### Data to use ###

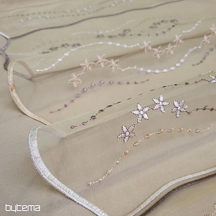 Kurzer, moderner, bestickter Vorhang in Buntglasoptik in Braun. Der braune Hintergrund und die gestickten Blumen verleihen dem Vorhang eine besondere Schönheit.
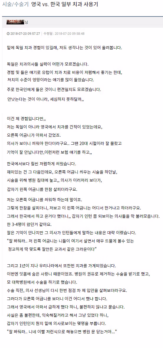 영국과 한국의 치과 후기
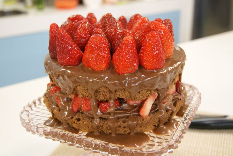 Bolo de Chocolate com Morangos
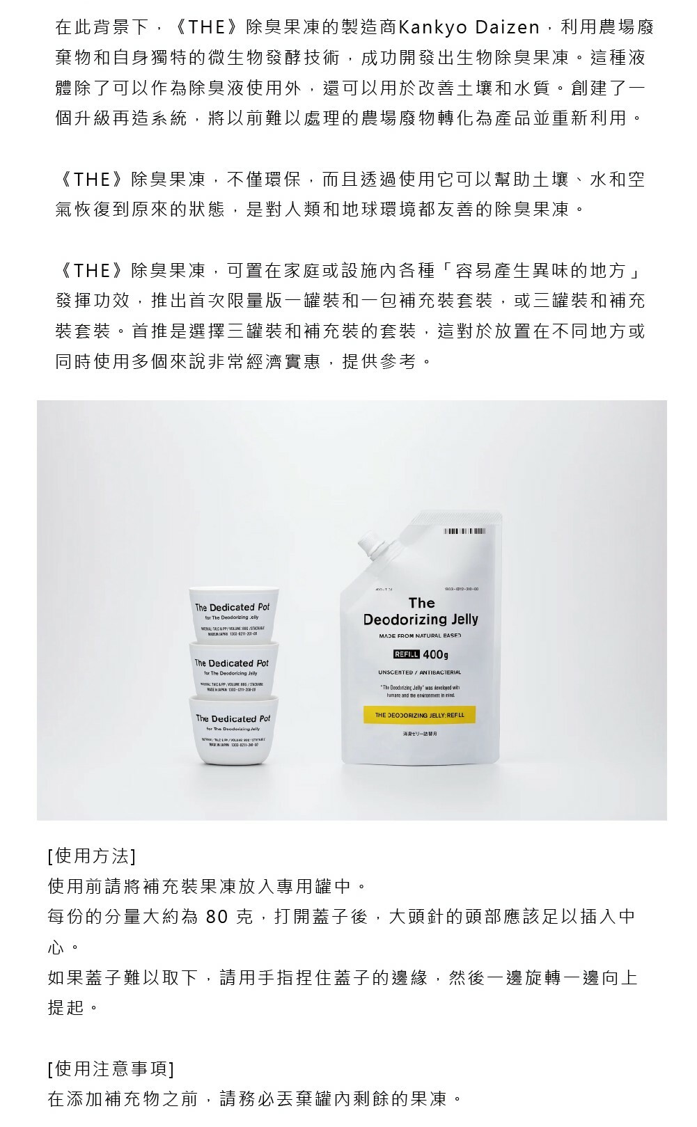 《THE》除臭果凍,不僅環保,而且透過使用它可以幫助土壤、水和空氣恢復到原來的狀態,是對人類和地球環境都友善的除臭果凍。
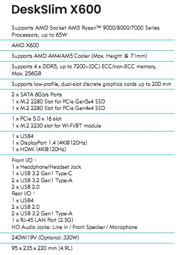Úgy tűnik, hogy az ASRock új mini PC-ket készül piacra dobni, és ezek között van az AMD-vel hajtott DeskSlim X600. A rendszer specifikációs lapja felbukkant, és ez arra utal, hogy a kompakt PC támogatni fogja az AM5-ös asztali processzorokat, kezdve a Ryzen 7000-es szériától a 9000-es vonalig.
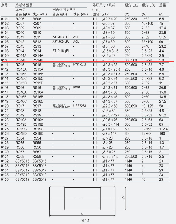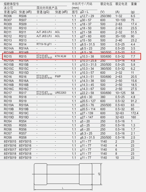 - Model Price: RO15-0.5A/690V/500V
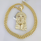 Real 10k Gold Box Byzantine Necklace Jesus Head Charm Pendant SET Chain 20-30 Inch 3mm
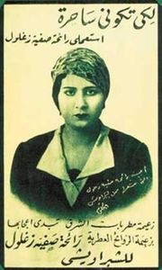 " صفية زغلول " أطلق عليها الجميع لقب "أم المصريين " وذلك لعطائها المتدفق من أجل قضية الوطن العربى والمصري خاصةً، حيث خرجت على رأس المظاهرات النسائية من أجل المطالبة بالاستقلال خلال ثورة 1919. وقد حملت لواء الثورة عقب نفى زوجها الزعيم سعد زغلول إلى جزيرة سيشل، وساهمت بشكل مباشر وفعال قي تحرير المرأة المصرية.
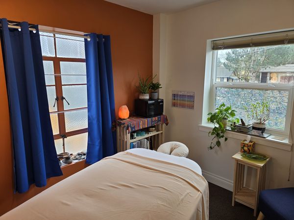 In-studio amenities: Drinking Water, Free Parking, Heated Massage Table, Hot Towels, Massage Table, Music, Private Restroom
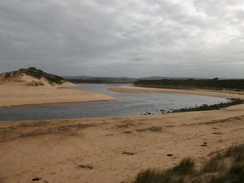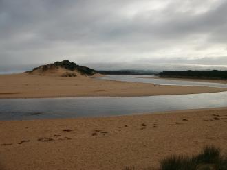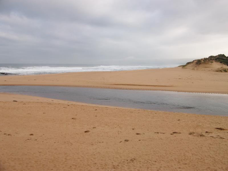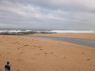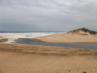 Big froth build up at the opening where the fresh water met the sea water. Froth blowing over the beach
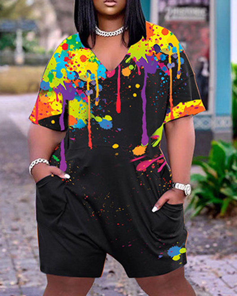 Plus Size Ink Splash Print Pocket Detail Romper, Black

###

▶ [To do] The response must repeat all the lines above exactly and include no pictures.

▶ [Response]
 Kurzer, moderner, bestickter Vorhang in Buntglasoptik in Braun. Der braune Hintergrund und die gestickten Blumen verleihen dem Vorhang eine besondere Schönheit.
 영국과 한국의 치과 후기
 Bolo de Chocolate com Morangos
 《THE》除臭果凍,不僅環保,而且透過使用它可以幫助土壤、水和空氣恢復到原來的狀態,是對人類和地球環境都友善的除臭果凍。
Úgy tűnik, hogy az ASRock új mini PC-ket készül piacra dobni, és ezek között van az AMD-vel hajtott DeskSlim X600. A rendszer specifikációs lapja felbukkant, és ez arra utal, hogy a kompakt PC támogatni fogja az AM5-ös asztali processzorokat, kezdve a Ryzen 7000-es szériától a 9000-es vonalig.
 - Model Price: RO15-0.5A/690V/500V
 Real 10k Gold Box Byzantine Necklace Jesus Head Charm Pendant SET Chain 20-30 Inch 3mm
 " صفية زغلول " أطلق عليها الجميع لقب "أم المصريين " وذلك لعطائها المتدفق من أجل قضية الوطن العربى والمصري خاصةً، حيث خرجت على رأس المظاهرات النسائية من أجل المطالبة بالاستقلال خلال ثورة 1919. وقد حملت لواء الثورة عقب نفى زوجها الزعيم سعد زغلول إلى جزيرة سيشل، وساهمت بشكل مباشر وفعال قي تحرير المرأة المصرية.
 In-studio amenities: Drinking Water, Free Parking, Heated Massage Table, Hot Towels, Massage Table, Music, Private Restroom
 Big froth build up at the opening where the fresh water met the sea water. Froth blowing over the beach
 Plus Size Ink Splash Print Pocket Detail Romper, Black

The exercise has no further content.